Narativ with Zev Shalev

What is The Magna Carta?

King Charles cited the principle the barons forced on King John in 1215. Every clause that survived is being tested by Donald Trump’s regime.

Zev Shalev's avatar
Zev Shalev
Apr 29, 2026
∙ Paid

Two reigning British monarchs have addressed a Joint Meeting of the United States Congress: Queen Elizabeth II in 1991, at the dawn of an American century she still believed in, and King Charles III on Tuesday, April 28, 2026, watching America combust under the weight of a president whose compounding failures have led him to the lowest favorability ratings in his two presidential terms.

Thirty-five years between the two speeches. The chamber was unchanged: Freedom overhead, the flag behind the Speaker, the 119th Congress filling the seats. Both parties were present, the cabinet and diplomats in place, the Joint Chiefs in dress blues.

Howard Lutnick beamed in the front row.

Donald Trump was left to watch the whole thing from the White House, unmentioned even once. Whether he grasped the speech’s carefully coded critique is anyone’s guess.

But it was the speech we’d all longed for — one denied by Trump’s mob-land version of democratic government.

The King took no direct shots — he’s too smart for that — instead grounding his speech in the founding documents his nation bequeathed to America at our founding.

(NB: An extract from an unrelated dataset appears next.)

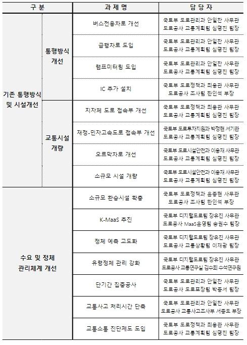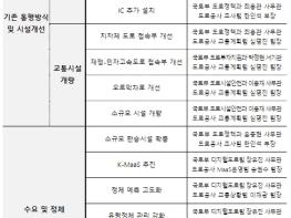 이에 따라 도로 신설·확장과 별개로 교통정체 개선을 위해 관계기관·전문가로 구성된 TF를 통해 통행방식 개선, 기존 시설 개량, 고속도로 수요 및 정체 관리 체계 개선 등에 대한 15대 개선과제를 마련했다.

He cited Magna Carta. He named the principle that executive power is subject to checks and balances. He invoked the Declaration of Rights of 1689, the Bill of Rights of 1791, and the Spirit of 1776. He reminded Congress that America’s founding principle came from a fundamental disagreement with Britain — a disagreement that forged a lasting partnership.

He condemned the recent perimeter skirmish at the White House Correspondents Dinner, declaring, “Such acts of violence will never succeed.” He praised diversity, faith, the climate, the rule of law, and the independent judiciary.

He invoked support for Ukraine, earning bipartisan applause from a Congress bitterly divided on the issue.

He closed on Lincoln, quoting the Gettysburg Address:

“May little note what we say, but will never forget what we do.”

Lincoln invoked; Trump never mentioned.

He blessed both nations.

The joint session sprang to its feet for several ovations. For a brief moment, sense and sensibility were restored to the chamber. It was a gentle reminder of what it means to be a parliamentarian and of who we used to be.

Some might call it routine — a state visit, a ceremonial address. But Charles spoke of grounding principles: liberty, equality, justice, democracy — that Trump views as impediments, not virtues.

“Whatever our differences, whatever disagreements we may have, we stand united in our commitment to uphold democracy, to protect all our people from harm…”

It was the type of blunt message only a friend can deliver to the representatives of the American people - while hoping it skates over the head of the man who inspired it. The King put the United States on notice — you can only meddle with democracy so much. And no more. After that, you lose your connection to your roots.